Print the records below exactly, from the line containing "BEN DAVIS ベンデイビス" down to the line containing "柔らかな肉質で脂の旨味がしっ", both lines included, and omit every picture.

**DATA SHOWN:**
************

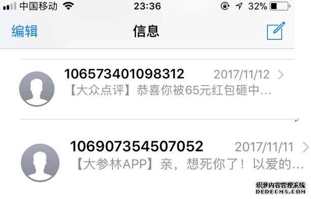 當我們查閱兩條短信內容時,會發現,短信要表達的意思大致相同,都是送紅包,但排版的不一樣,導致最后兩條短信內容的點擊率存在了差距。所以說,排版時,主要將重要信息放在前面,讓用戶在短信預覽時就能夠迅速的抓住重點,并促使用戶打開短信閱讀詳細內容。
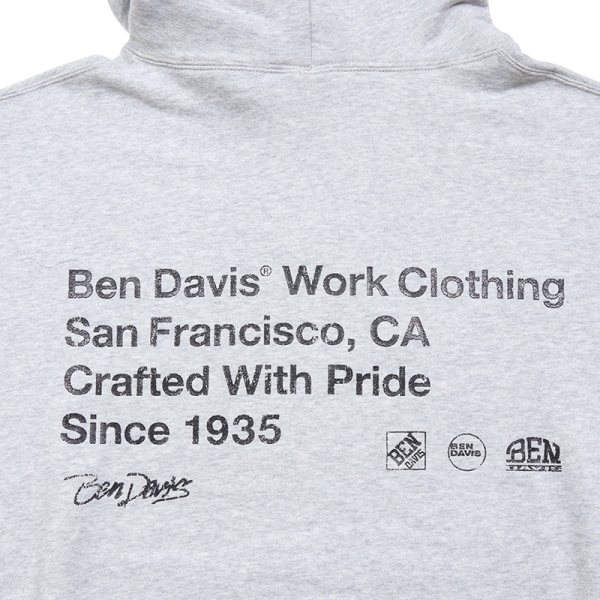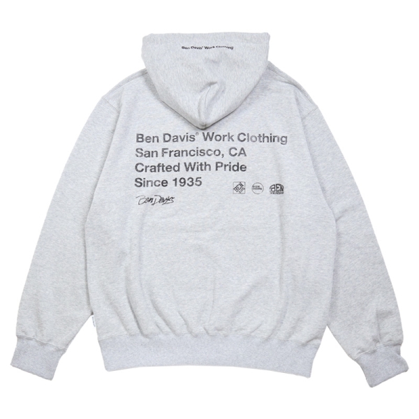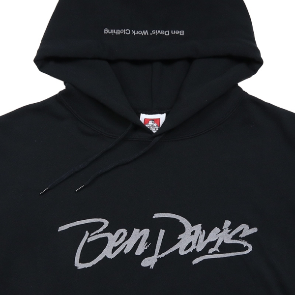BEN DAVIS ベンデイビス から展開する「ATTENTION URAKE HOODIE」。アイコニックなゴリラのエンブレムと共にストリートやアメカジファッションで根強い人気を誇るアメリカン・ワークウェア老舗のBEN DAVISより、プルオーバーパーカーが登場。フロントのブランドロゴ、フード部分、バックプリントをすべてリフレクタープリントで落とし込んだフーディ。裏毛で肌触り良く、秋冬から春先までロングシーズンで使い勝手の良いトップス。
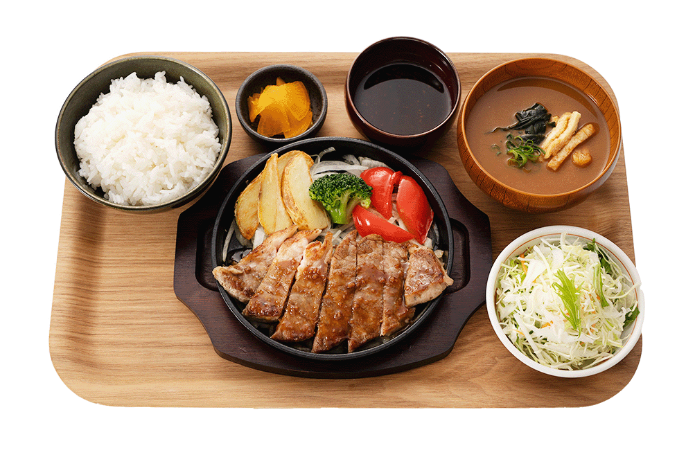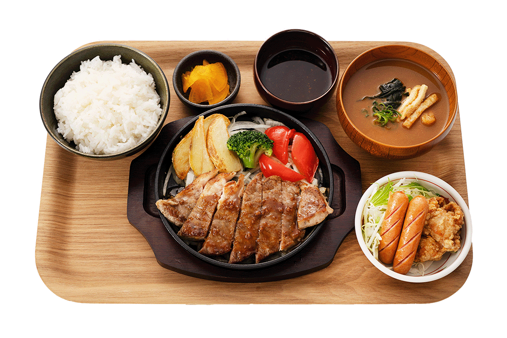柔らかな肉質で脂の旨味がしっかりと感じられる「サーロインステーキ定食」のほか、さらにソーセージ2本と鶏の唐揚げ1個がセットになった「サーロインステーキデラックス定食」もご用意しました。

************

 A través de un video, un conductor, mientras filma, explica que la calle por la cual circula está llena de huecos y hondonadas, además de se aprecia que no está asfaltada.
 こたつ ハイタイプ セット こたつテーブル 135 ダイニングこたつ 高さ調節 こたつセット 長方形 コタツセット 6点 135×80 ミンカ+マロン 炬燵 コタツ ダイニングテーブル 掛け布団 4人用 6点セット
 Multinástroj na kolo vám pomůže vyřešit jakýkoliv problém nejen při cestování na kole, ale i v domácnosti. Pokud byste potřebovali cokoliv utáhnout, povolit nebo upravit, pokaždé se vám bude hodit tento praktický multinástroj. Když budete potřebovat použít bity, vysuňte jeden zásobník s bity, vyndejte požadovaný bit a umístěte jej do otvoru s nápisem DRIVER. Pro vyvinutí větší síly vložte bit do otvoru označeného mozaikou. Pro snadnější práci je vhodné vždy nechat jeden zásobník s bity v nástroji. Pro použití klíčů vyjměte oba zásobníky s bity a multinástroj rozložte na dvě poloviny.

************

**SOLUTION TO THIS EXERCISE:**
BEN DAVIS ベンデイビス から展開する「ATTENTION URAKE HOODIE」。アイコニックなゴリラのエンブレムと共にストリートやアメカジファッションで根強い人気を誇るアメリカン・ワークウェア老舗のBEN DAVISより、プルオーバーパーカーが登場。フロントのブランドロゴ、フード部分、バックプリントをすべてリフレクタープリントで落とし込んだフーディ。裏毛で肌触り良く、秋冬から春先までロングシーズンで使い勝手の良いトップス。
柔らかな肉質で脂の旨味がしっかりと感じられる「サーロインステーキ定食」のほか、さらにソーセージ2本と鶏の唐揚げ1個がセットになった「サーロインステーキデラックス定食」もご用意しました。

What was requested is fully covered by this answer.